Впервые за все время Сартин улыбнулся.
– Они его тотчас заметили и, в свою очередь, стали за ним следить. Тем временем, обеспокоенный моим интересом к архивам Ост-Индской компании, этот человек, увы, зверски расправился с тем, кто вызвался помочь мне отыскать сведения о кораблях, отбывавших на Восток. Совершив убийство, он вырвал из рук своей жертвы, архивариуса Белома, листок из реестра; однако по остаткам листа, зажатым в руке убитого, мы сумели узнать то, что нас интересовало. Наши шпионы проследили за ним до самого дома на улице Вандом, вплотную примыкающего к ограде квартала Тампль…
Ленуар закашлялся еще более выразительно, а Ла Врийер заерзал в кресле.
– След оказался правильным. Капуцин угрожает мне, я стреляю, промахиваюсь, и он убегает. Обыскивая дом, я натыкаюсь на кобру, она нападает на меня, и только вмешательство Наганды спасает меня от ужасной смерти.
– Да, да, да, – произнес Ла Врийер, – это тот самый алгонкин, которого высоко ценил наш покойный король. Так он вернулся?
– Да, сударь; король пригласил его на коронацию в Реймс.
– Работа нашего несравненного полицейского, риск, которому он постоянно подвергается, заслуживают восхищения, – воскликнул Сартин. – Однако мы по-прежнему не знаем главного. Кто этот капуцин? Мы понимаем, что речь наверняка идет об Энефьянсе, но под каким именем он здесь? Надеюсь, вы его нашли?

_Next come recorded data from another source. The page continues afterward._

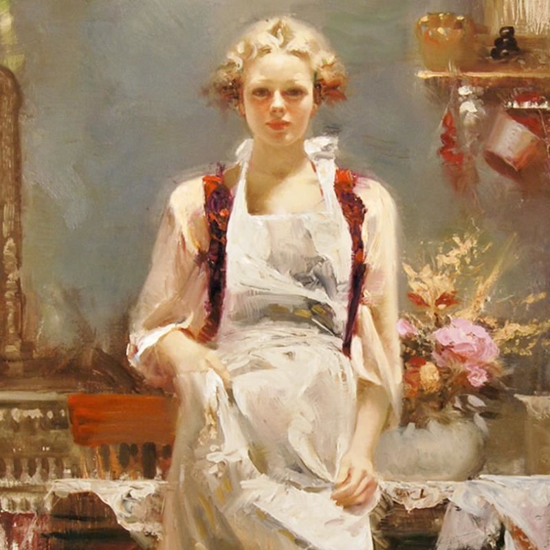 Warm Memories by Pino (1939-2010). "Warm Memories" is an artist embellished limited edition giclee on canvas by Pino (1939-2010), AP Numbered and hand signed by the artist. Includes Certificate of Authenticity. Measures approx. 34" x 44" (image). This piece is not stretched.
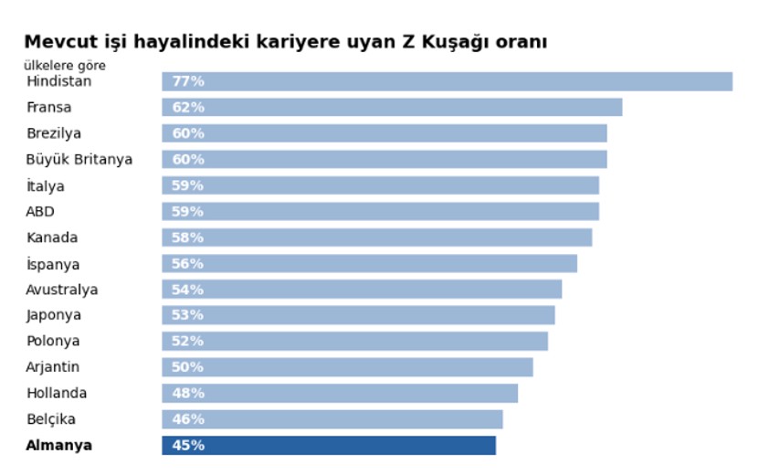Ama veriler, bu düşünceyi en azından yeniden düşünmemizi istiyor. Z kuşağının işte kalma süresi kısalıyor, iş–kariyer uyumu düşüyor ve "kısa süre içinde işten ayrılma niyeti” yükseliyor. Üstelik bu tablo, sadece Almanya’ya özgü değil. Türkiye’de de aynı başlıklar etrafında hararetli tartışmalar dönüyor: "Gençler neden çabuk vazgeçiyor?”, "Neden hızlı yükselmek istiyor?”, "Neden iş-yaşam dengesi diyor?”
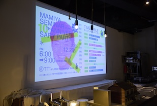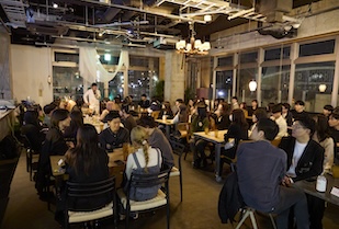 会場は、間宮先生が店舗デザインを手がけた星が丘テラス内のレストラン「TT" a Little Knowledge Store」です。店内にはこれまでゼミで取り組んだプロジェクトの模型やパンフレットが置かれ、彩り鮮やかな食事が並べられました。卒業生50名、現役生20名の約70名が集まり、祝賀ムードいっぱいの中で交流会はスタート。歓談タイムを挟んで、まずは卒業生と間宮先生によるパネルトークを実施しました。卒業生7名を選出し、「今、何してる?」「今だから思う学生時代あ〜しておけばよかった!」「ぶっちゃけ当時の間宮さんどうだった?」など、ざっくばらんなお題を設け、間宮先生を交えてトークを展開。グラフィクデザイナーやユニフォームデザイナー、カメラマン、または設計事務所やデベロッパー、不動産の建築部門など、多岐に渡る分野で活躍する卒業生の話に現役ゼミ生は聞き入っていました。
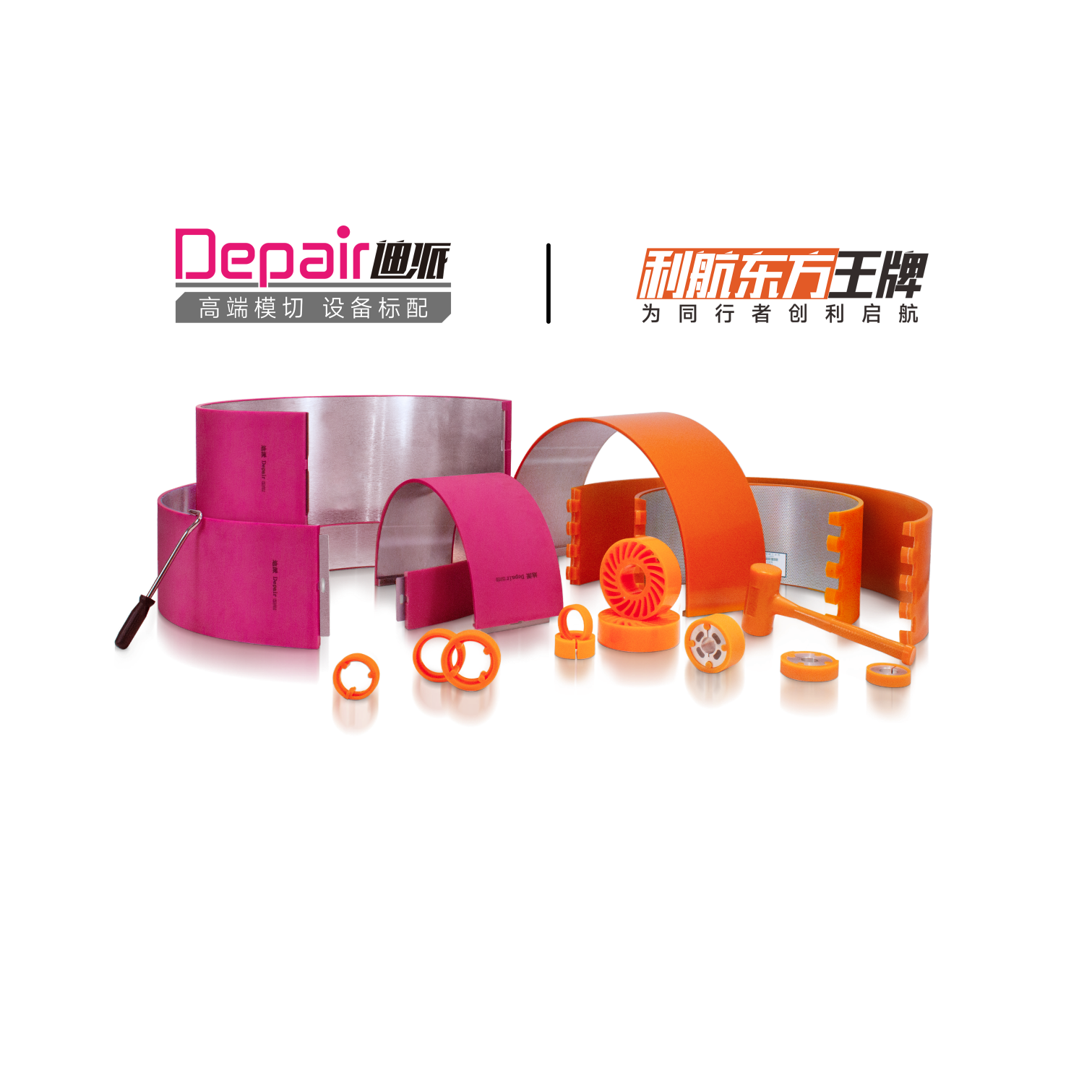 作为利航集团旗下两大核心品牌,“利航东方王牌” 与 “Depair迪派” 各有鲜明价值主张,为包装行业提供专业模切解决方案。其中,“利航东方王牌” 专注模切胶垫、送纸轮、轻压力轮全系列产品研发生产十余年,其模切胶垫一毫米厚度可实现80万次以上模切,最薄可用至2毫米,送纸轮跳动精度生产可控制在5个丝以内,轻压力轮更具备180度耐高温特性,凭借稳定可靠的性能成为众多企业的信赖之选;“Depair迪派” 聚焦高速模切胶垫领域,以 “提高模切质量、降低模切成本” 为使命,产品具有成型轻松、清废干净的核心优势,已通过200余家纸箱设备厂、3000余家纸包装企业的品质认证,成为高速模切场景的优选品牌。

Его надо арестовать.
– Наконец-то мы встретимся с нашим неуловимым незнакомцем. Позвольте мне, господа, пригласить Бурдо, который передаст мне разъяснительные документы.
Не дожидаясь ответа герцога, Николя позвонил. Вошел инспектор и, протянув ему стопку бумаг, перевязанных голубой ленточкой, бесшумно исчез. Все взоры устремились на Николя.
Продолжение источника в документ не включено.